US 12,260,866 B2
System and method for watermarking audio data for automated speech recognition (ASR) systems
Patrick Aubrey Naylor, Reading (GB); Dushyant Sharma, Mountain House, CA (US); William Francis Ganong, III, Brookline, MA (US); Uwe Helmut Jost, Groton, MA (US); and Ljubomir Milanovic, Vienna (AT)
Assigned to Microsoft Technology Licensing, LLC, Redmond, WA (US)
Filed by Microsoft Technology Licensing, LLC, Redmond, WA (US)
Filed on Aug. 30, 2022, as Appl. No. 17/898,962.
Prior Publication US 2024/0071396 A1, Feb. 29, 2024
Int. Cl. G10L 19/018 (2013.01); G10L 15/22 (2006.01); G10L 25/21 (2013.01); G10L 25/51 (2013.01)

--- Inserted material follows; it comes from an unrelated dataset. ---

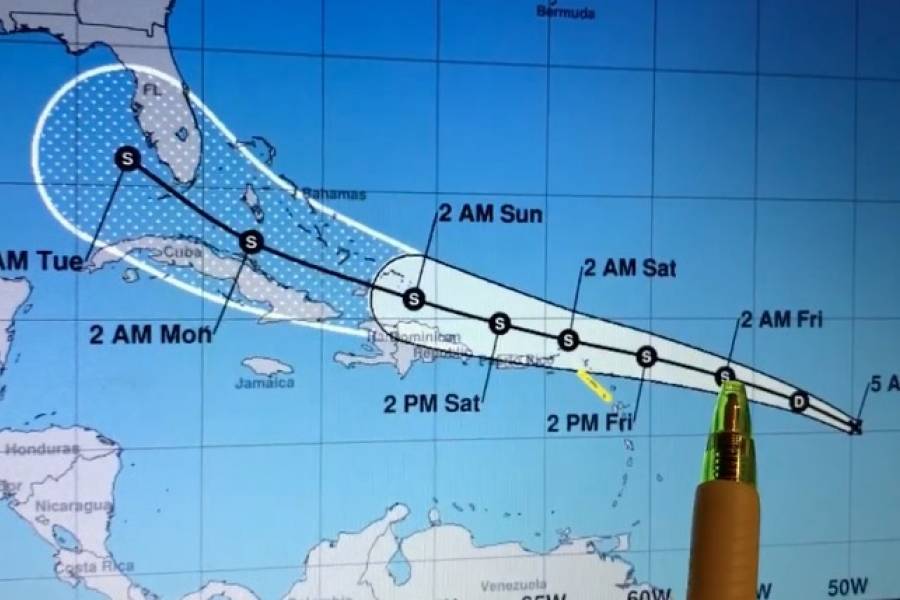 La depresión tropical se encontraba a 830 millas al este sureste de la zona norte de las Antillas menores y se ha emitido una vigilancia de tormenta tropical para St. Maarten, Antigua, Barbuda, St. Kitts, Nevis, Anguilla, Saba y St. Eustatius.

CPC G10L 19/018 (2013.01) [G10L 15/22 (2013.01); G10L 25/21 (2013.01); G10L 25/51 (2013.01)] 15 Claims
OG exemplary drawing
 
1. A computer-implemented method, executed on a computing device, comprising:
processing audio information associated with a speech processing system;
encoding a watermark in a non-disruptive portion of the audio information during storage and/or transmission of the audio information including:
determining a pair of time frequency points with time frequency points from a same channel;
generating a watermark database with a plurality of keys mapping a plurality of watermarks to particular pairs of time frequency points for determining or identifying the particular pairs of time frequency points; and
recording a key mapping the watermark in the audio information to a relative phase difference between the pair of time frequency points from the same channel in the watermark database; and
decoding the watermark using the key from the watermark database to identify the pair of time frequency points and by determining the relative phase difference between the identified pair of time frequency points.
 
8. A computing system comprising:
a memory; and
a processor configured to process automated speech recognition (ASR) audio information for storage and/or transmission, wherein the processor is further configured to encode a watermark in phase information of the ASR audio information during the storage and/or transmission of the ASR audio information including: to determine a pair of time frequency points with time frequency points from a same channel, to generate a watermark database with a plurality of keys mapping a plurality of watermarks to particular pairs of time frequency points for determining or identifying the particular pairs of time frequency points, and to record a key mapping the watermark in the ASR audio information to a relative phase difference between the pair of time frequency points from the same channel in the watermark database, and wherein the processor is further configured to decode the watermark using the key from the watermark database to identify during the storage and/or transmission of the ASR audio information including the pair of time frequency points and by determining the relative phase difference between the identified pair of time frequency points.
 
11. A computer program product residing on a non-transitory computer readable medium having a plurality of instructions stored thereon which, when executed by a processor, cause the processor to perform operations comprising:
processing automated speech recognition (ASR) audio information for storage and/or transmission;
determining a pair of time frequency points within the ASR audio information with time frequency points from a same channel; and
encoding a watermark in relative phase information of the ASR audio information between the pair of time frequency points during storage and/or transmission of the audio information including:
generating a watermark database with a plurality of keys mapping a plurality of watermarks to particular pairs of time frequency points for determining or identifying the particular pairs of time frequency points; and
recording a key mapping the watermark in the ASR audio information to a relative phase difference between the pair of time frequency points from the same channel in the watermark database; and
decoding the watermark using the key from the watermark database to identify the pair of time frequency points and by determining the relative phase difference between the identified pair of time frequency points.